§ TASK TO CARRY OUT:
Output the span of lines from the one that contains "レッスンのご感想 久しぶりに" through the end of the records, inclusive, exactly as written and free of pictures.

§ DATA PROVIDED:
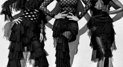 Entre las caras más fotografiadas está Gigi Hadid, quien posa junto a Natasha Poly y Raquel Zimmermann para Versace, Karlie Kloss, Kate Moss, Daria Werbowy y las míticas top models Naomi Campbell, Claudia Schiffer y Cindy Crawford.
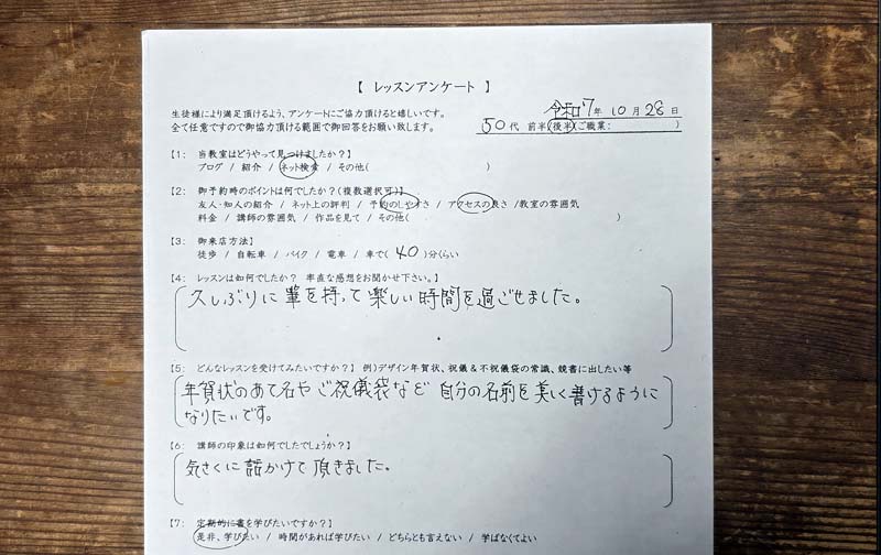 レッスンのご感想 久しぶりに筆を持って楽しい時間を過ごせました|中筆体験レッスンご感想
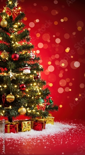 Festive Christmas tree adorned with sparkling ornaments and colorful baubles. Perfect for holiday décor, seasonal celebrations, and festive visuals.
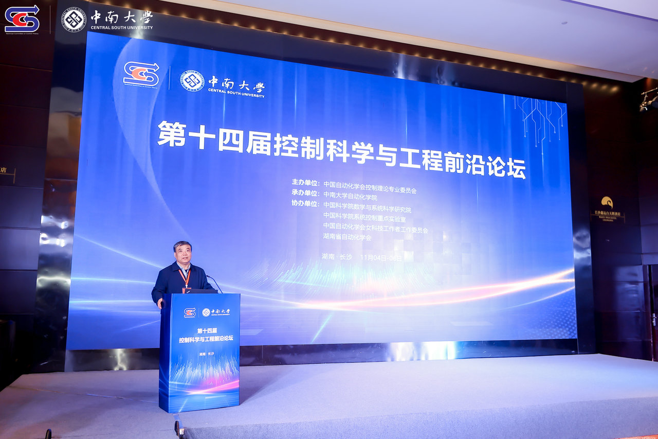 的发展和取得的成就,并表示控制科学与工程前沿论坛是中国自动控制领域的品牌学术盛会,本次论坛邀请国内外控制科学与工程领域的顶级专家、学者共聚湖南长沙,相信一定能带来学术上的交流、思想上的碰撞、成果上的绽放,进一步促进学校控制科学与工程学科的发展。
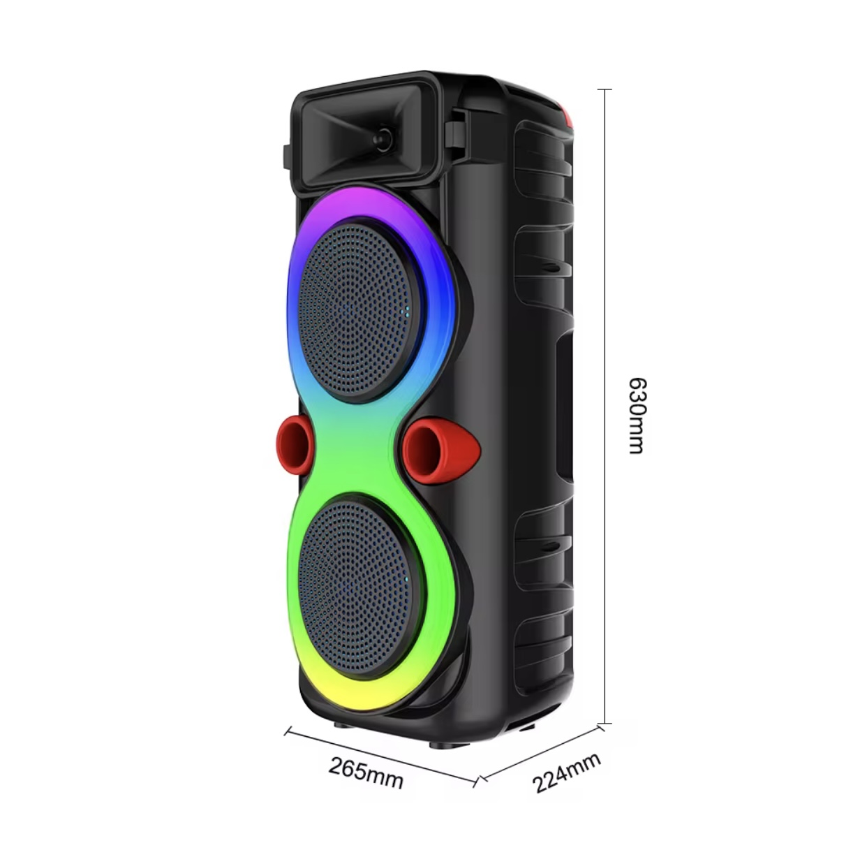 این اسپیکر با دو بلندگوی 8 اینچی و توان خروجی بالا، صدایی قدرتمند و باکیفیت ارائه میدهد. نورپردازی جذاب RGB و قابلیتهای متنوع اتصال، آن را به گزینهای ایدهآل برای استفاده در مهمانیها و فضاهای باز تبدیل کرده است
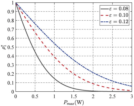 In addition, the three curves in the figure correspond to different covert constraint levels. It can be seen that stricter constraints (indicating a more conservative transmission strategy) lead to lower overall transmission probability and the need to further restrict transmission frequency in the high-power range.

§ ANSWER BOX:
 レッスンのご感想 久しぶりに筆を持って楽しい時間を過ごせました|中筆体験レッスンご感想
 Festive Christmas tree adorned with sparkling ornaments and colorful baubles. Perfect for holiday décor, seasonal celebrations, and festive visuals.
 的发展和取得的成就,并表示控制科学与工程前沿论坛是中国自动控制领域的品牌学术盛会,本次论坛邀请国内外控制科学与工程领域的顶级专家、学者共聚湖南长沙,相信一定能带来学术上的交流、思想上的碰撞、成果上的绽放,进一步促进学校控制科学与工程学科的发展。
 این اسپیکر با دو بلندگوی 8 اینچی و توان خروجی بالا، صدایی قدرتمند و باکیفیت ارائه میدهد. نورپردازی جذاب RGB و قابلیتهای متنوع اتصال، آن را به گزینهای ایدهآل برای استفاده در مهمانیها و فضاهای باز تبدیل کرده است
 In addition, the three curves in the figure correspond to different covert constraint levels. It can be seen that stricter constraints (indicating a more conservative transmission strategy) lead to lower overall transmission probability and the need to further restrict transmission frequency in the high-power range.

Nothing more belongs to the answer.